Category Archives: Computation

Biology as an axiomatic process

The replication mechanisms of living beings can be compared with the self-replication of automatons in the context of computability theory. In particular, DNA replication, analyzed from the perspective of the recursion theorem, indicates that its replication structure goes beyond biology and the quantum mechanisms that support it, as it is analyzed in the article Biology as an Axiomatic Process.

Physical chemistry establishes the principles by which atoms interact with each other to form molecules. In the inorganic world the resulting molecules are relatively simple, not allowing establishing a complex functional structure. On the other hand, in the organic world, molecules can be made up of thousands or even millions of atoms and have complex functionality. It highlights what is known as molecular recognition, through which the molecules interact with each other selectively and which is the basis of biology.

Molecular recognition plays a fundamental role in the structure of DNA, in the translation of the genetic code of DNA into proteins and in the biochemical interaction of proteins, which ultimately form the basis on which living beings are based.

The detailed study of these molecular interactions makes it possible to describe the functionality of the processes, in such a way that it is possible to establish formal models, to such an extent that they can be used as a computing technology, as is the case of DNA-based computing.

From this perspective, this allows us to ask if the process of information is something deeper and if in reality it is the foundation of biology itself, according to what is established by the principle of reality.

For this purpose, this section aims to analyze the basic processes on which biology is based, in order to establish a link with axiomatic processing and thus investigate the nature of biological processes. For this, it is not necessary to describe in detail the biological mechanisms described in the literature. We will simply describe its functionality, so that they can be identified with the theoretical foundations of information processing. To this end, we will explain the mechanisms on which DNA replication and protein synthesis are based.

DNA and RNA molecules are polymers formed from the ribose and deoxyribose nucleotides, respectively, bound by phosphates. On the basis of this nucleotide chain, one of the four possible nucleic acids can be linked. There are five different nucleic acids, adenine (A), guanine (G), cytosine (C), thymine (T) and uracil (U). In the case of DNA, nucleic acids that can be coupled by covalent bonds to nucleotides are A, G, C and T, whereas in the case of RNA they are A, G, C and U. As a consequence, molecules are structured in a helix shape, fitting the nucleic acids in a precise and compact way, due to the shape of their electronic clouds.

The helix structure allows the nucleic acids of two different strands to be bound together by hydrogen bonds, forming pairs A-T and G-C in the case of DNA, and A-U and G-C in the case of RNA, as shown in the following figure.

Base-pairing of nucleic acids in DNA

As a result, the DNA molecule is formed by a double helix, in which two chains of nucleotides polymers wind one on top of the other, remaining together by means of hydrogen bonds of nucleic acids. Thus, each strand of the DNA molecule contains the same genetic code, one of which can be considered the negative of the other.

Double helix structure of DNA molecule

The genetic information of an organism, called a genome, is not contained in a single DNA molecule, but is organized into chromosomes. These are made up of DNA strands bound together by proteins. Thus, in the case of humans, the genome is formed by 46 chromosomes, and so, the number of bases in the DNA molecules that compose it being about 3×109. Since each base can be encoded by means of 2 bits, the human genome, considered as an object of information, is equivalent to 6×109 bits.
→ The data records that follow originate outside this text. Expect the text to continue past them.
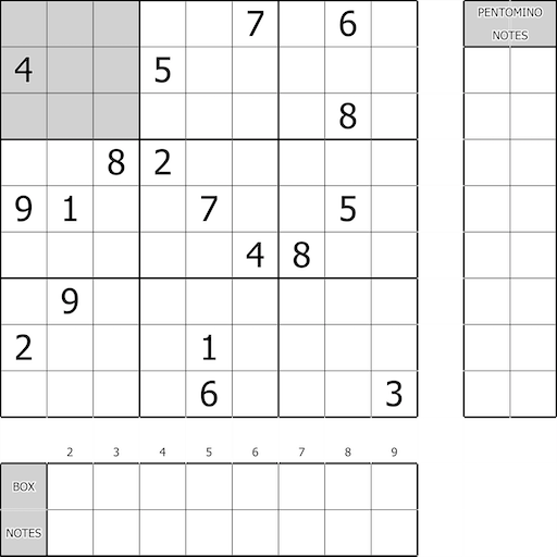 Normal sudoku rules apply. Place a pentomino (ie: an orthogonally connected set of 5 cells) within each of the non-shaded sudoku boxes such that: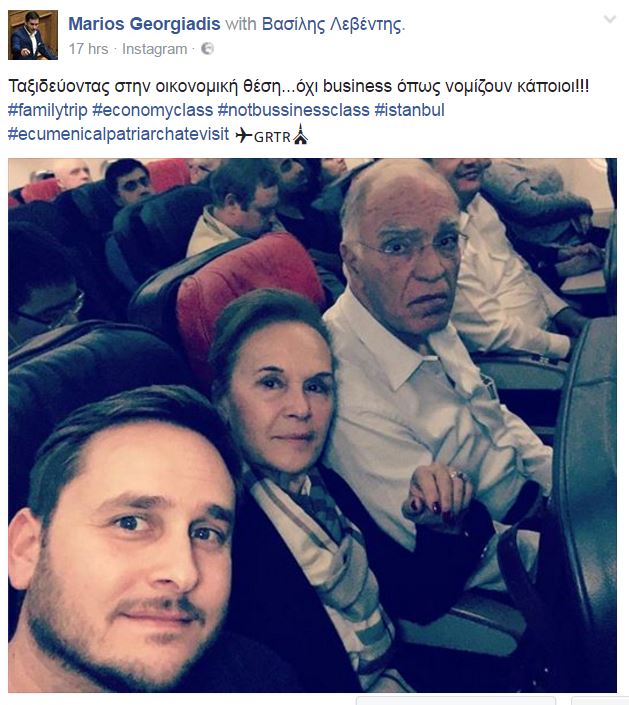 Ο βουλευτής της Ένωσης Κεντρώων Μάριος Γεωργιάδης ανέβασε στον λογαριασμό του στο Facebook μια selfie φωτογραφία μέσα από το αεροπλάνο. Δίπλα στον κ. Γεωργιάδη κάθονται ο Πρόεδρος της Ένωσης Κεντρώων Βασίλης Λεβέντης με τη σύζυγό του ενώ η οικογένεια ταξιδεύει προς την Κωνσταντινούπολη.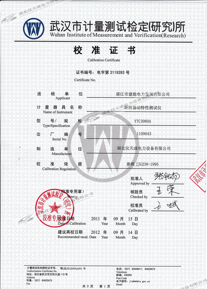 轉(zhuǎn)載:"YTC3980A斷路器動(dòng)特性測試儀的資質(zhì)證書" 請注明來源于儀天成電力。 更多技術(shù)問題請致電儀天成電力客戶服務(wù):027-87876585,技術(shù)部專線:027-87876585,在線客服:719388481

The information contained in the genes is the basis for the synthesis of proteins, which are responsible for executing and controlling the biochemistry of living beings. The proteins are formed by the bonding of amino acids, through covalent bonds, which is done from the sequences of the bases contained in the DNA. The number of existing amino acids is 20 and since each base codes 2 bits, 3 bases (6 bits, 64 combinations) are necessary to be able to code each one of the amino acids. This means that there is some redundancy in the assignment of base sequences to amino acids, in addition to control codes for the synthesis process (Stop), as shown in the following table.
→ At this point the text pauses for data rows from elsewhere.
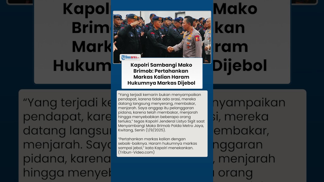 TRIBUN-VIDEO.COM - “Yang terjadi kemarin bukan menyampaikan pendapat, karena tidak ada orasi, mereka datang langsung menyerang, membakar, menjarah. Saya anggap itu pelanggaran pidana, karena telah membakar, menjarah hingga menyebabkan beberapa orang terluka,” tegas Kapolri Jenderal Listyo Sigit saat Menyambangi Mako Brimob Polda Metro Jaya, Kwitang, Senin (1/9/2025).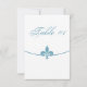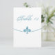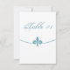 Numérotez vos tables de réception avec une carte de table de réception Teal Fleur de Lis. La conception de la carte de table comporte un fleur de lis sarcelle. Du papeterie de mariage supplémentaire est disponible avec ce design également.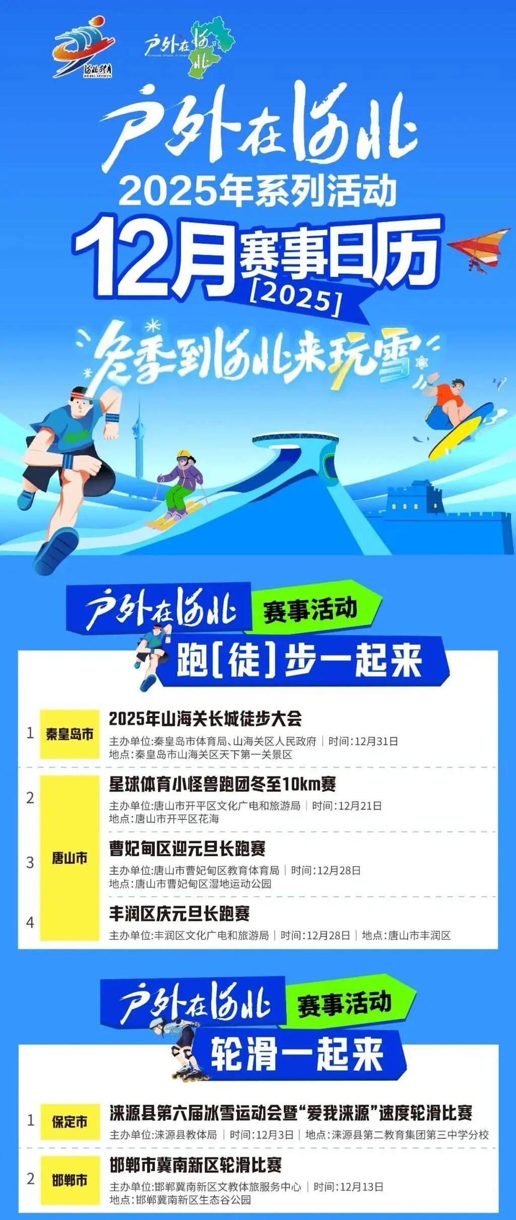 【冬季到河北来玩雪】“户外在河北”2025年系列活动12月赛事日历。

Translation of nucleic acids (Codons) to amino acids

However, protein synthesis is not done directly from DNA, since it requires the intermediation of RNA. This is called the translation process and involves two types of different RNA molecules, the messenger ARM (mRNA) and the transfer RNA (tRNA). The first step is the synthesis of mRNA from DNA. This process is called transcription, in such a way that the information corresponding to a gene is copied into the mRNA molecule, which is done through a process of recognition between the molecules of the nucleic acids, carried out by the hydrogen bonds, such as shows the following figure.

DNA transcription

Once the mRNA molecule is synthesized, the tRNA molecule is responsible for mediating between mRNA and amino acids to synthesize proteins, for which it has two specific molecular mechanisms. On the one hand, tRNA has a chain of three amino acids called anticodon at one end. On the opposite side, tRNA binds to a specific amino acid, according to the translation table of nucleic acid sequences into amino acids. In this way, tRNA is able to translate mRNA into a protein, as shown in the figure below. 

Protein synthesis (mRNA translation)

But perhaps the most complex process is undoubtedly DNA replication, so that each molecule produces two identical replicas. Replication is performed by unwinding each strand of the molecule and inserting the nucleic acid molecules on each of the strands, in a similar way to that shown in the mRNA synthesis. DNA replication is controlled by enzymatic processes supported by proteins. Without going into detail and in order to show its complexity, the table below shows the proteins involved in the replication process and their role.

The role of proteins in the DNA replication process

The processes described above are defined as the central dogma of molecular biology and are usually schematically represented schematically as shown in the following figure. It also depicts the reverse transcription that occurs in retroviruses, which synthesizes a DNA molecule from RNA.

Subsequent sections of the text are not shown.